Я боюсь мышей. Ну и что? Том Круз боится высоты, а играет исключительно супергероев.
– Поставь мышеловку, – сказала мама.
– Тебе не идут эти серьги, – сказал я.
– Поставь мышеловку, – сказала мама.
– У меня нет денег на сигареты, – сказал я.
– Поставь мышеловку, – сказала мама.
– Я не могу поставить мышеловку.
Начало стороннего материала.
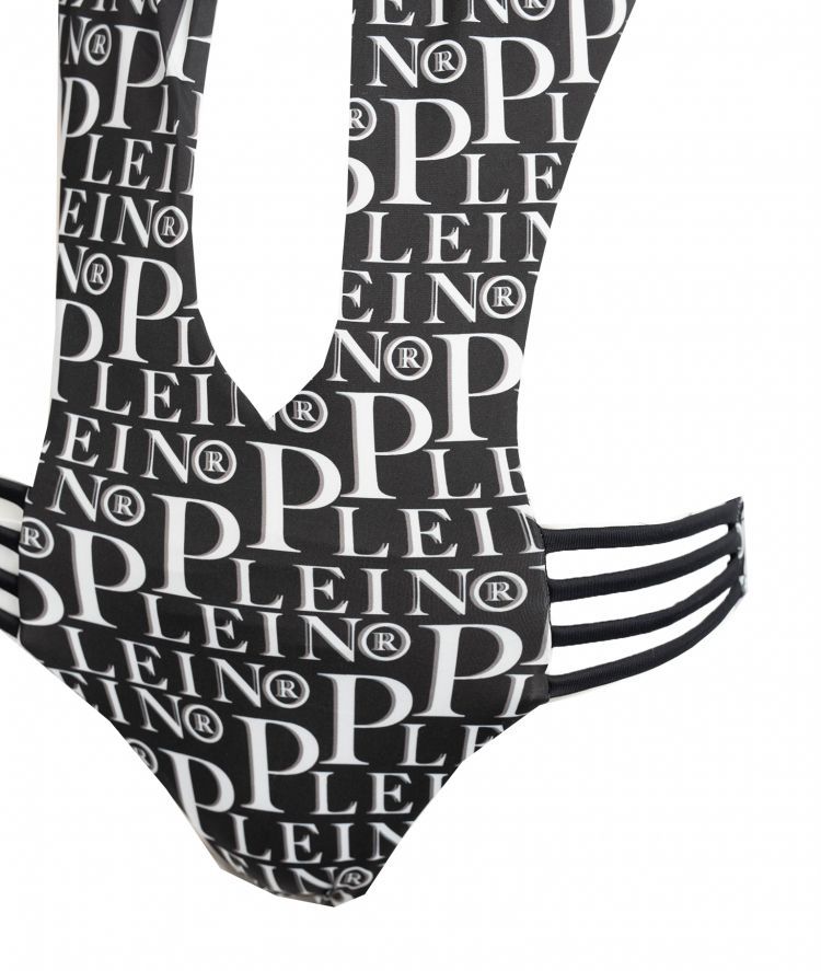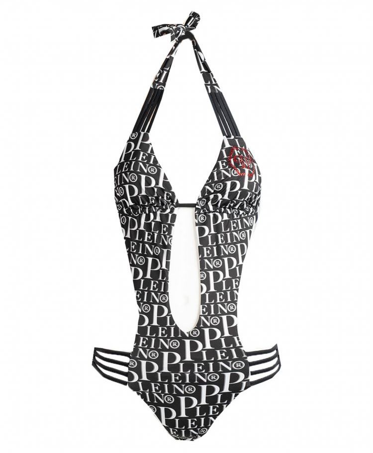 Elevate your beachside ensemble with this elegant one-piece trikini, adorned with striking logo prints that cover its sleek silhouette. A lustrous brass logo distinctly embellishes the chest area, adding a touch of luxury to your swimwear collection. Perfect for making a statement under the sun.

Из неё надо вытаскивать раздавленных мышей. Я их боюсь даже в таком виде, – сказал я.
Мама ничего не сказала. Посмотрела только как-то подозрительно и дала двадцать рублей на сигареты. 
– Купи всё-таки мышеловку, – посоветовала мама.
– Не носи всё-таки этот ремешок, – посоветовал я.
– Купи всё-таки мышеловку, – посоветовала мама.
– Но мне не на что, – посетовал я.
Мама ничего не сказала. Посмотрела только как-то подозрительно и дала пятьдесят рублей на мышеловку.
Итог – девяносто рублей. Такого удачного дня у меня не случалось с похорон Брежнева.
– У тебя годовалая пыль на телевизоре, – сказала мама.
– У тебя туфли не подходят к брюкам по цвету, – сказал я.
– Зря ты проколол ухо, – сказала мама.
– Зря ты покрасила ногти зелёнкой, – сказал я.
– Ну, мне пора, – сказала мама.
– Мне тоже. За мышеловкой, – сказал я.
Мы вышли из подъезда. Мама закурила. Потом мы расцеловались. Она села в свой старенький «фольксваген» и укатила. Я помахал ей вслед.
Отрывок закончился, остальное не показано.